Lecture 12 MapReduce, Parallel Batch Processing

Why MapReduce?
- Second look for fault tolerance and performance
- Starting point in current enthusiasm for big cluster computing
- A triumph of simplicity for programmer
- Bulk orientation well matched to cluster with slow network
- Very influential, inspired many successors (Hadoop, Spark, &c)
Cluster computing for Big Data
- 1000 computers + disks
- a LAN
- split up data+computation among machines
- communicate as needed
- similar to DSM vision but much bigger, no desire for compatibility
Example: inverted index
- e.g. index terabytes of web pages for a search engine
- Input:
  - A collection of documents, e.g. crawled copy of entire web
  - doc 31: i am alex
  - doc 32: alex at 8 am
- Output:
  - alex: 31/3 32/1 ...
  - am: 31/2 32/4 ...
- Map(document file i):
  - split into words
  - for each offset j
    - emit key=word[j] value=i/j
- Reduce(word, list of d/o)
  - emit word, sorted list of d/o
Diagram:
- input partitioned into M splits on GFS: A, B, C, ...
- Maps read local split, produce R local intermediate files (A0, A1 .. AR)
- Reduce # = hash(key) % R
- Reduce task i fetches Ai, Bi, Ci -- from every Map worker
- Sort the fetched files to bring same key together
- Call Reduce function on each key's values
- Write output to GFS
- Master controls all:
  - Map task list
  - Reduce task list
  - Location of intermediate data (which Map worker ran which Map task)
Notice:
- Input is huge -- terabytes
- Info from all parts of input contributes to each output index entry
  - So terabytes must be communicated between machines
- Output is huge -- terabytes
The main challenge: communication bottleneck
- Three kinds of data movement needed:
  - Read huge input
  - Move huge intermediate data
  - Store huge output
- How fast can one move data?
  - RAM: 1000x1 GB/sec = 1000 GB/sec
  - disk: 1000x0.1 GB/sec = 100 GB/sec
  - net cross-section: 10 GB/sec
- Explain host link b/w vs net cross-section b/w
What are the crucial design decisions in MapReduce?
- Contrast to KVS get/put
  - They allow arbitrary random interaction among threads/clients.
  - But: latency sensitive, poor throughput efficiency.
- Maps and Reduces work on local data -> reduced network communication.
  - For Map, split storage and computation in the same way, use local disk.
- Maps and Reduces work on big batches of data -> no small latency-sensitive network messages.
- Very little interaction:
  - Maps and Reduces can't interact with each other directly.

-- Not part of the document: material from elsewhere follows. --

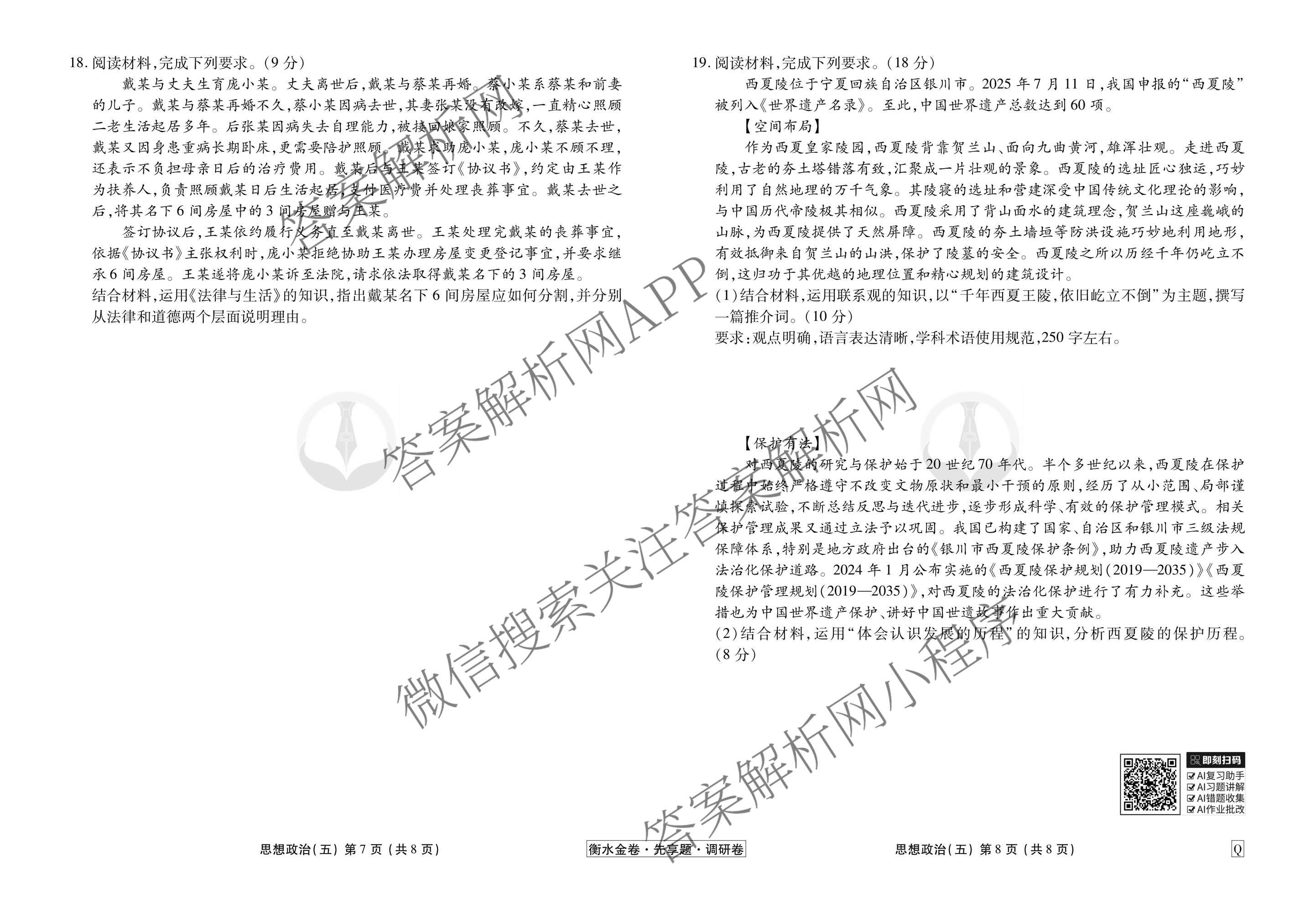 - [衡水金卷先享题]调研卷2026年普通高中学业水平选择性考试模拟试题(五)5政治(AH)答案

  - No interaction across phase boundaries.
  - -> Can re-execute single Map/Reduce independently, no need for e.g. global checkpoint.
  - (Why would this be hard in a general distributed program?)
- Programmer can't directly cause network communication, but has indirect control since Map specifies key.
Where does MapReduce input come from?
- Input is striped+replicated over GFS in 64 MB chunks
- But in fact Map always reads from a local disk
  - They run the Maps on the GFS server that holds the data
- Tradeoff:
  - Good: Map reads at disk speed, much faster than over net from GFS server
  - Bad: only two or three choices of where a given Map can run potential problem for load balance, stragglers
Where does MapReduce store intermediate data?
- On the local disk of the Map server (not in GFS)
- Tradeoff:
  - Good: local disk write is faster than writing over network to GFS server
  - Bad: only one copy, potential problem for fault-tolerance and load-balance
Where does MapReduce store output?
- In GFS, replicated, separate file per Reduce task
- So output requires network communication -- slow
- The reason: output can then be used as input for subsequent MapReduce
The Question: How soon after it receives the first file of intermediate data can a reduce worker start calling the application's Reduce function?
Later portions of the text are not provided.